Well, here I was again. Clambering down the high banks of my favourite small river. Banks that were even more treacherous than usual owning to the fact of the extra water the river had been carrying a day or two before. From the look of the land the water had been quite high. Layers of sediment and dead leaves lay where the extremities of the water had ceased. The current seemingly less fierce here allowing nature to form new sculptures. A piece of eroded wood here and a deposit of sand there. The early winter sun caught the outer edges of yellow and rust coloured leaves. A pretty welcoming sight in all honesty. Digging my feet into the ground to make sure they wouldn’t slip across the water logged surface, I made my way to a favourite swim for a few hours trotting after chub. And grayling. Or trout. Yes, I really was’t bothered what took my hookbait. Anything would be appreciated.

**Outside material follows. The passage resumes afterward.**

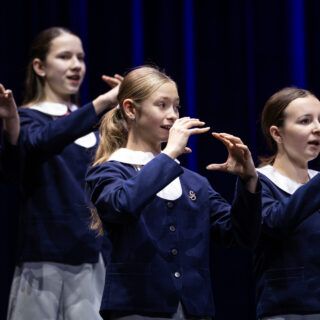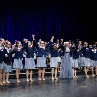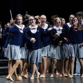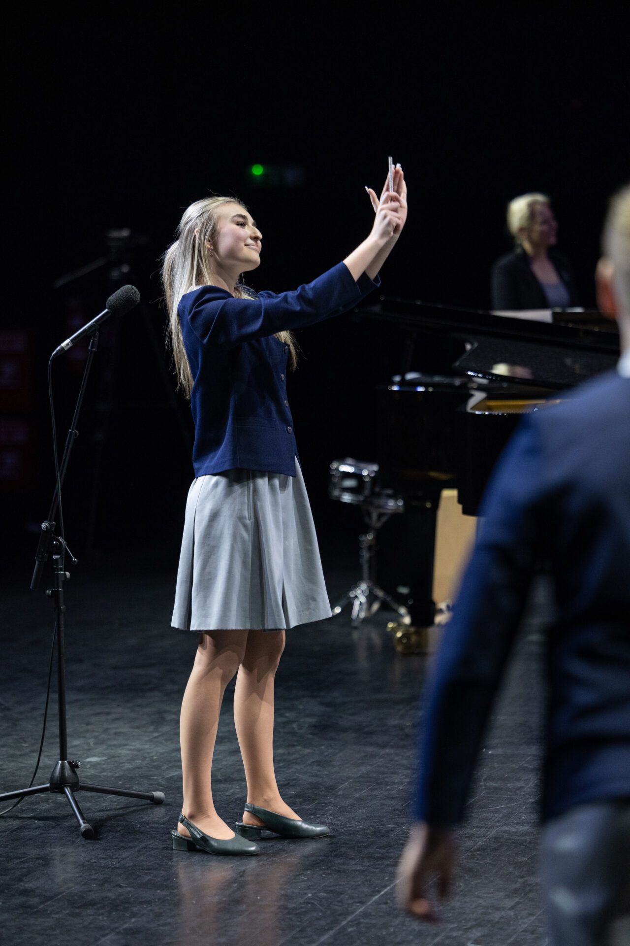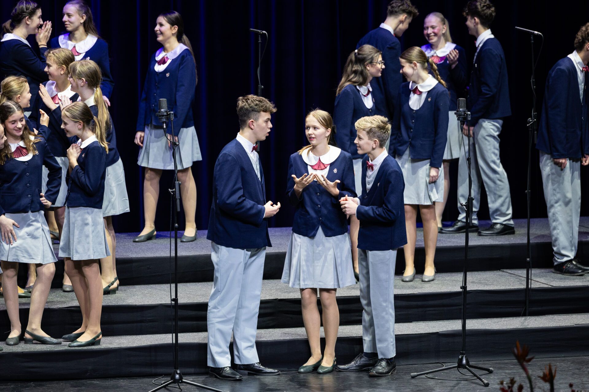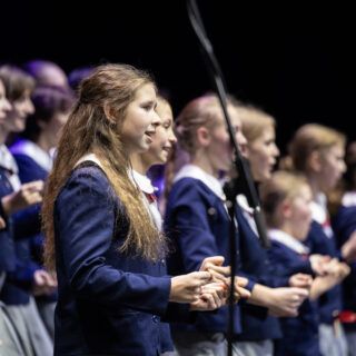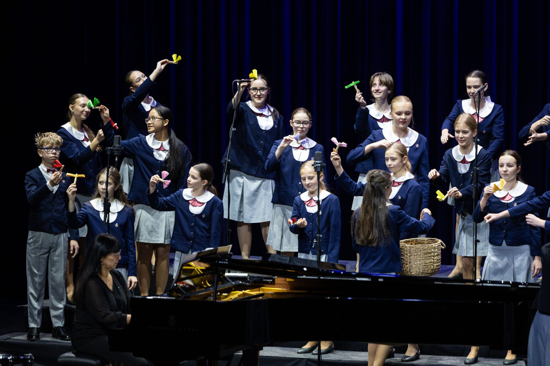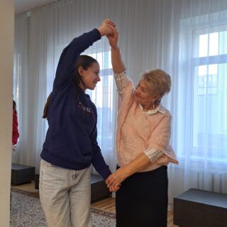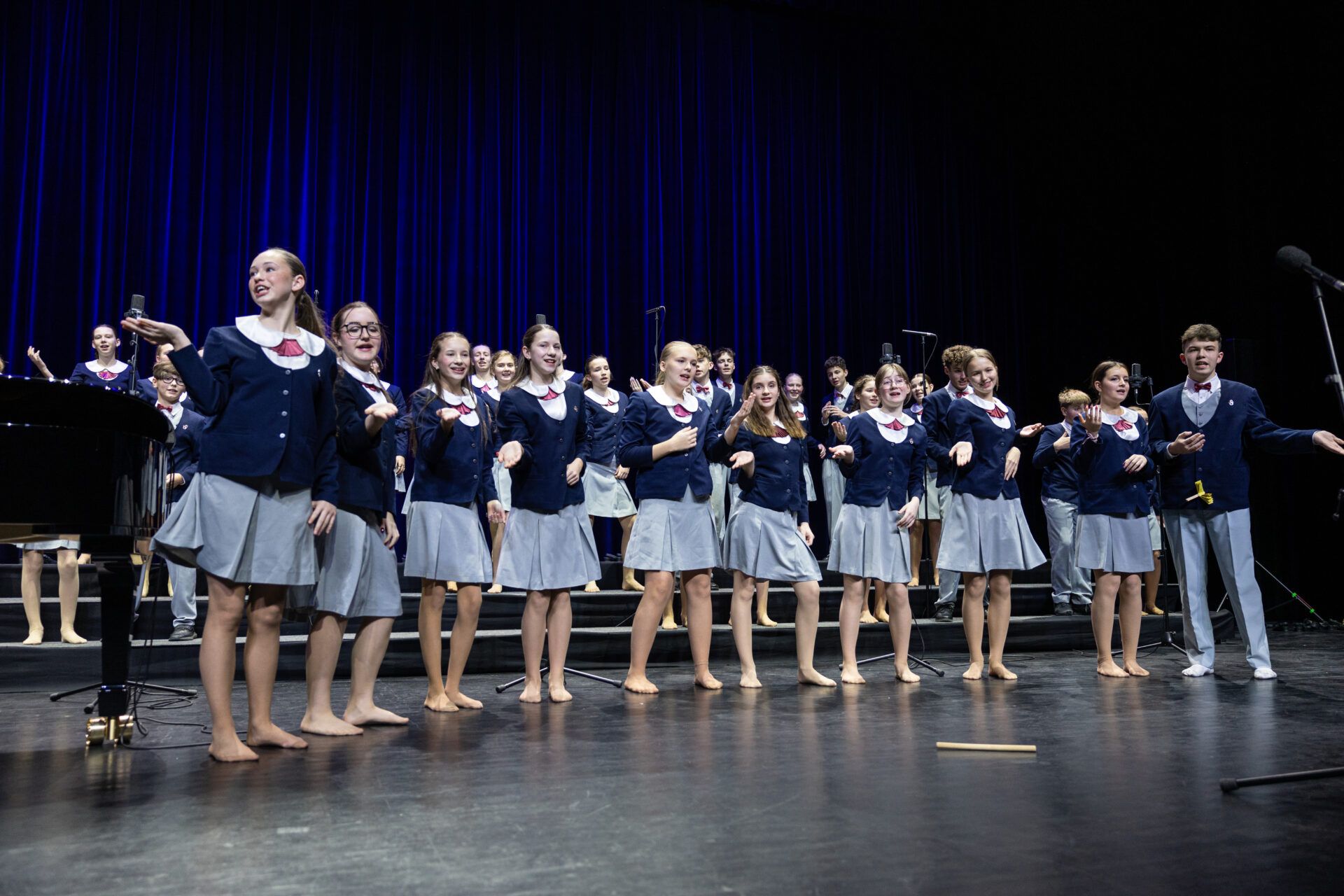 Sobotní ráno nás přivítalo sluníčkem a opět jsme se sešli v hudební škole sboru Dagilélis na dopolední workshop se sbormistry a učiteli, tentokrát jsme je zapojili do duchovního chorálu Veni, Creator Spiritus, který si společně s našimi dětmi mohli po nacvičení zazpívat ve všech možných variacích. Pro odlehčení jsme na závěr zvolili Broučkovskou mazurku, která stejně jako v Koreji, vykouzlila i zde v Litvě spoustu úsměvů na tvářích našich hostů, zejména poté, co si pro ně do hlediště došly severáčkovské děti a vyzvaly je ke společnému tanci. Ve fotogalerii najdete důkaz, že to bylo oboustranně velmi příjemně strávené dopoledne. Po workshopu jsme měli ještě čas navštívit prodejnu místního výrobce něčeho velmi chutného (nesmím ani naznačovat😊, budou to určitě dárečky…) a poté jsme se přesunuli do sálu, kde se bude odpoledne konat hlavní koncert celého festivalu. Vyzkoušeli jsme si na jevišti vše potřebné a poté jsme se vydali na oběd do oblíbené restaurace Arkos. Nachází se uprostřed pěší zóny se spoustou obchůdků a kaváren, volný čas po obědě jsme tedy využili k příjemné procházce po městě. Před samotným koncertem jsme si ještě v hudební škole vyzkoušeli něco málo z choreografií a pak jsme se spolu s ostatními sbory přesunuli do koncertního sálu. V programu vystoupilo celkem šest sborů, na úvod se představil domácí sbor Dagilélis čítající bezmála sto zpěváků ve věku od 10 do 19 let, po nich následovaly další litevské sbory, Severáček byl jako host festivalu na programu poslední. Naše děti předvedly ve dvacetiminutovém okénku lidovou píseň Ej, děvča orešanské, poté oblíbenou Zkoušku na koncert, dále cyklus Písničky bez deštníku, suitu Už ho vedou Martina a na závěr naši novou hitovku Les Champs-Elysées. Vystoupení se jim moc povedlo a velký aplaus a ovace ve stoje byly zcela zasloužené. Chtěla bych ještě pochválit všechny sólisty – Adélku P. ve Zkoušce na koncert, Matyáše a Aničku v Ej, lásko, Majdu K., Aničku T., Amálku M. a Adélku P. v Už ho vedou, Martina a zejména Terezku B. a Lucinku Š. za přednes textu v litevštině a Šáryna za doprovod na flétny a bicí nástroje. Jsme na naše děti pyšné, jak dobře zvládly takto důležitý koncert a jak skvěle tím reprezentovaly celý Severáček. Věříme, že si v rodinách užijí krásný večer a nedělní volné dopoledne, však si ho zaslouží.

Bait today would be casters. I fancied a change from my staple of white maggots though I did have a few with me for a change of hookbait. I proceeded to, as I usually do, feed the swim whilst setting up. All the time any fish present are feeding their natural caution diminishes. I could imagine chunky Chevins or a territorial trout intercepting mouthful after mouthful of crunchy casters. Soon enough my hook would be hid in two of them and I was confident of a bite or two. A river fining down, carrying a tinge of colour, and quite a mild day. Perfect conditions. Well the first trot through seemed to prove this as the float was pulled under by a two and a half pound chub.
With the fish returned I upped the feed a little. Not in terms of how much I was feeding but in the frequency I fed. One helping at the start of the trot through and one at the end. Next I began to take a few grayling. Not huge fish but certainly very enjoyable fishing. Slowly but surely their size increased until I managed two fish of around 10-12oz before promptly losing two others. This seemed to spook the shoal as the swim went through a short lull in activity. I persevered with feeding the casters though. I was sure that there was still some chub to be had. Probably skulking in the snags downstream.

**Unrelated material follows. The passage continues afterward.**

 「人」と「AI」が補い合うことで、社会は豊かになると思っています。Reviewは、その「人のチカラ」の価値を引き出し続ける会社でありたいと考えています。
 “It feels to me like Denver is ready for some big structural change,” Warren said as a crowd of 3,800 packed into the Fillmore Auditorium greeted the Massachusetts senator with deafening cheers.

Eventually I did hook another chub. This fish felt bigger than the first and began to kite strongly across the current. I had hooked the fish almost at the end of the trot, some 30 yards away and because of the length of line and the narrowness of the river, the fish made it to the sanctuary of a far bank snag. That wasn’t part of the plan but I tried to remain confident that the rest of the shoal would’t have been spooked by my schoolboy error. Indeed they hadn’t. On the very next cast I hooked another chub. Which nodded gently before coming free from the hook, a few seconds into the fight. The air turned blue for a second or so. Remain calm. Remain calm, I told myself. I fed more casters and sent the float through the swim. Half a dozen times without a bite. You’ve done it now, you can’t keep losing chub like this but with a vanishing tip, it appeared I had talked another chub into feeling a little pity for this ‘unlucky’ angler. I played the fish with a little more caution this time. But even this didn’t work as once more, after a few seconds, the fish managed to slip the hook. These chub were feeding very finicky.
After losing three fish in a row I thought it best to leave the swim for a few hours and return later in the afternoon. I wandered the banks, visiting swims fished previously and also exploring areas where I have never fished before. Six swims I tried in vain. I couldn’t tempt a bite. I did have a privileged fifteen minutes in the middle of the afternoon whilst enjoying a warm drink and a snack. Sat on the bank, I watched a kingfisher hunting tiny fish from an overhanging branch. Time after time the fish dived sub-surface only to return with a beak full of silver. Eventually he, or she, made its way downstream in a blur of blue and orange. I too decided it was time to make tracks back to the first swim where I planned to fish until dusk and hopefully not lose any more fish.
This time I made fewer mistakes. With the light levels dropping the chub fed with much more confidence. I took five fish in just under an hour with a few small grayling mixed in. The best chub weighing just over four pound. A great fish to take on the float. All too soon the sun sank and the tiny valley where I stood became too dark to see a float. Its a good job really as I could have easily spent another hour or more there. Once again I had been treated to a brilliant days fishing. I think this river likes me.